Die Rating-Agentur Moody’s droht Irland und Portugal aber weiter mit einer Bonitätsabstufung. Der Ausblick für die Bewertung der beiden Länder bleibe auf „negativ“. Beunruhigt Sie das?

Mulhall:

Ich konzentriere mich vielmehr auf unsere Errungenschaften. Im März wurden irische Staatsanleihen mit zehnjähriger Laufzeit mit einem Volumen von fünf Milliarden Euro verkauft zu einem Zinssatz von 4,15 Prozent. Vor zwei Jahren lag der Zinssatz für langfristige irische Staatsanleihen noch über 15 Prozent. Anleger sind wieder zuversichtlich. Seit 2009 haben wir viel getan, um unsere Wirtschaft zu sanieren und die Banken zu stabilisieren. Im öffentlichen Dienst gab es eine Gehaltskürzung von 15 Prozent. Wir haben die Banken durch die Steuerzahler rekapitalisiert, es gab außerdem Steuererhöhungen und Ausgabenkürzungen aufseiten des Staates. Das zeigt, wie entschlossen das Land und seine Bürger sind, die Krise so schnell wie möglich hinter sich zu lassen.

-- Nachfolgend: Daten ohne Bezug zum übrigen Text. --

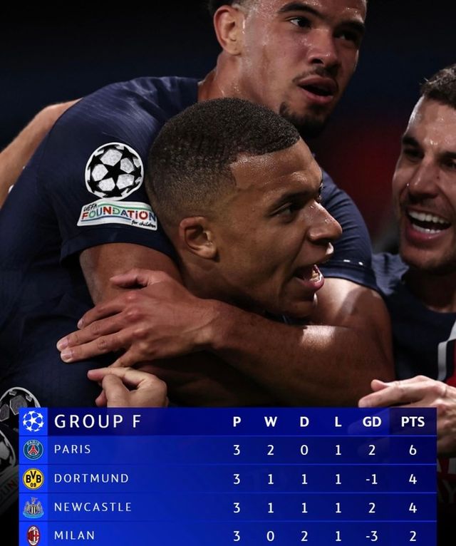 죽음의 조 F조에서 선두를 달리고 있는 팀은 이강인이 속한 파리 생제르맹(PSG)이다. PSG는 26일 열린 매치데이3에서 AC밀란에 3-0 대승을 거두며 조 1위로 올라섰다. PSG는 킬리안 음바페, 랑달 콜로-무아니 그리고 이강인의 쐐기골에 힘입어 대승을 챙겼다. 반면 도르트문트는 뉴캐슬 유나이티드 원정길에서 1-0으로 승리하며 승점 4점을 쌓아 조 2위에 자리했다. 승점 차이가 촘촘한만큼 마지막까지 큰 순위 변동이 예상된다.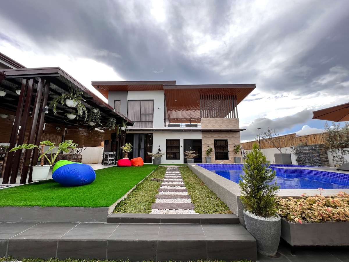 Spacious, stylish, 1,000sqm resort-like home in Tagaytay w/ amenities like swimming pool, basketball court, cinema room, game room & videoke. Ideal for wedding preps, birthdays or a relaxing staycation. Picture having an exclusive clubhouse-like space for your group throughout your stay. Parking for 8-10 cars, perfect for big groups. Our on-site staff are ready to assist, NO ADDITIONAL COST. The property is fully gated, enclosed by a private perimeter fence with CCTV cameras around the exterior.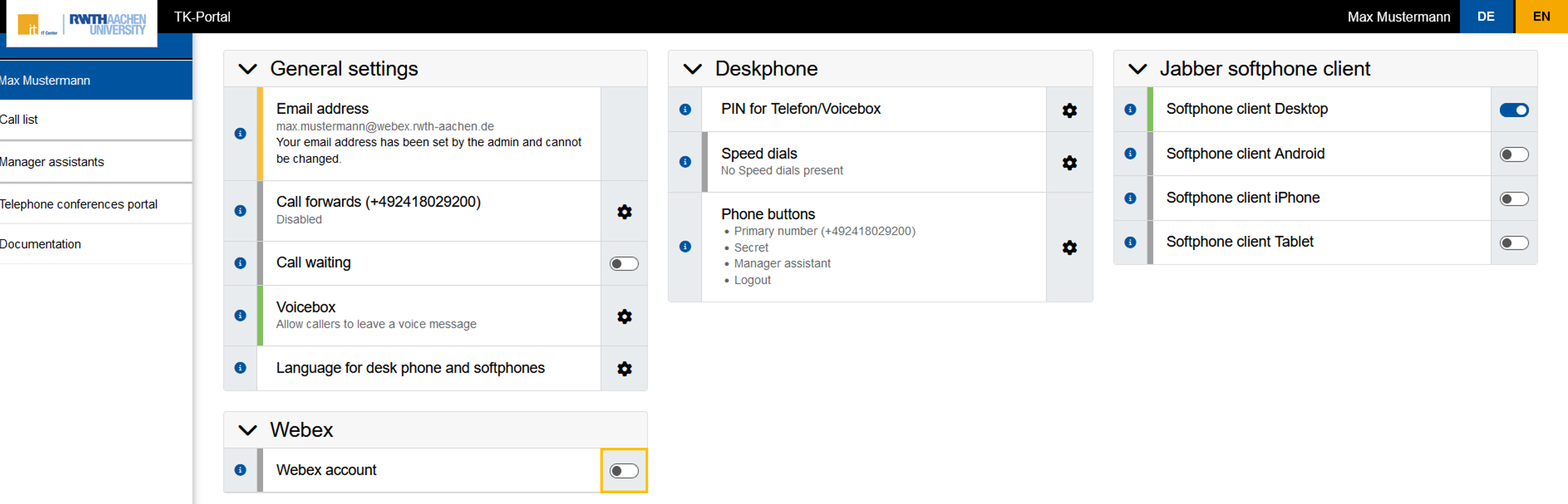 As an employee of RWTH Aachen University, you can create your Webex account via the TK portal. You can then use Webex via the app and via the website (cloud). Follow the instructions below to create your account. You can see whether you have the status "Employee" in the Selfservice under RWTH data.

Sie sagen, für Europa sei es jetzt an der Zeit, vom Krisenmanagement zur Förderung des Wirtschaftsaufschwungs überzugehen. Wie soll das aussehen?

Mulhall:

Stabilität, Wachstum und Beschäftigung sind die Ziele unserer EU-Ratspräsidentschaft. Wir müssen die Banken-Union in Europa ausbauen, um die Euro-Zone zu stabilisieren. In puncto Wachstum setzen wir auf mehr Potenzial im Binnenmarkt. Warum wurden alle großen Unternehmen in jüngster Zeit wie Facebook oder Google in den USA gegründet? Dort gibt es 100 Prozent Binnenmarkt und eine große Innovationskultur. Weiterhin setzen wir auf weitere Freihandelsabkommen. Und schließlich muss etwas gegen die Jugendarbeitslosigkeit in Europa getan werden. Man spricht schon von einer verlorenen Generation. Das darf nicht passieren. Junge Iren etwa wandern gern für ein paar Jahre aus und sollten dann die Möglichkeit haben, wieder zurückzukehren. Wir müssen gewährleisten, dass Jugendlichen in Irland und aus anderen Regionen Europas Arbeitsplätze zur Verfügung gestellt werden.

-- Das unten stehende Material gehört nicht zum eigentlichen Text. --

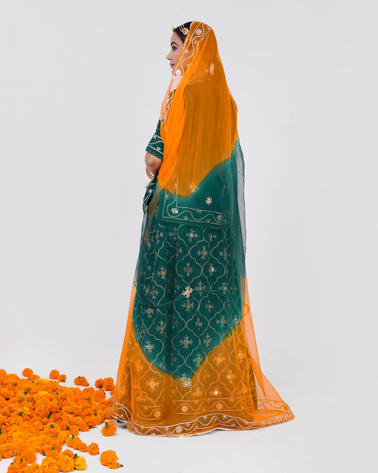 Sea Green Copper Moti Zardozi Rajputi Poshak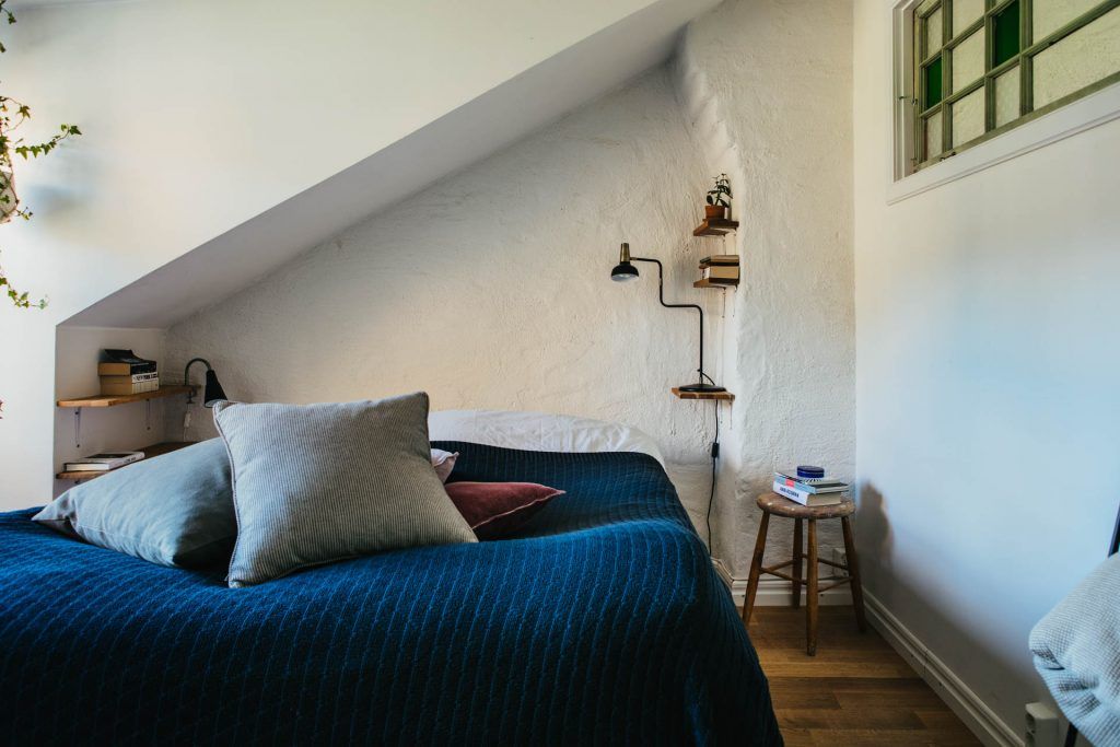 Una din camerele preferate este unul din cele 2 dormitoare cu o deschidere minunata spre terasa si implicit priveliste panoramica de admirat. De fapt, aceasta incapere este dedicata unei zone de socializare, incluzand si un televizor precum si 2 locuri de sezut generoase cu perne decorative si saltele suplimentare. Am putea-o usor numi o camera pentru prieteni de petrecut timp cu ei sau gazduit peste noapte. Ambele camere sufera la capitolul spatiu din cauza inclinarii tavanului, dar compenseaza prin confort si stare de relaxare la care te imbie doar dintr-o simpla privire a imaginilor.

Um Geld für den Kampf gegen die Jugendarbeitslosigkeit ausgeben zu können, braucht die EU einen gültigen Haushalt. Das Europäische Parlament muss diesem zustimmen, blockiert aber derzeit. Wie ist der Stand der Verhandlungen?

Mulhall:

Die irische Regierung hat einen guten Kontakt zum Parlament, wir führen einen Dialog. Ich bin zuversichtlich, dass wir eine Einigung erreichen können. Europa braucht einen nachhaltigen Finanzrahmen, um gestalten zu können. Es ist nicht möglich, für ganz Europa ein einheitliches Wirtschaftssystem zu haben. Die EU muss zwar koordinieren, um das System zu stärken und Krisen abzuwehren. Aber es kann nicht möglich sein, dass alle Länder Europas einem Wirtschaftsmodell folgen.

Die Iren gelten als überzeugte Europäer. Was halten Sie von den Bestrebungen in Großbritannien, sich aus der EU zu verabschieden?

Mulhall:

Großbritannien ist für Irland sehr wichtig, wir haben enge und tiefe Beziehungen zueinander. Wir hoffen, dass das Land in der EU bleiben wird, aber diese Entscheidung muss Großbritannien treffen. Ich bin seit 1978 Diplomat. Überlegen Sie mal, wie grundlegend Europa sich seitdem verändert hat. Jeder Schritt schien erst unmöglich, aber dann hat Europa doch diesen Schritt gemacht und die jeweilige Krise bewältigt. Die momentanen Herausforderungen sind wirklich ernsthaft, weil viele Bürgerinnen und Bürger das Vertrauen in Europa verloren haben während dieser Rezession, die die tiefste seit den 20er-Jahren ist. Wir brauchen aber mehr Kooperation, Integration und Unterstützung der Bevölkerung.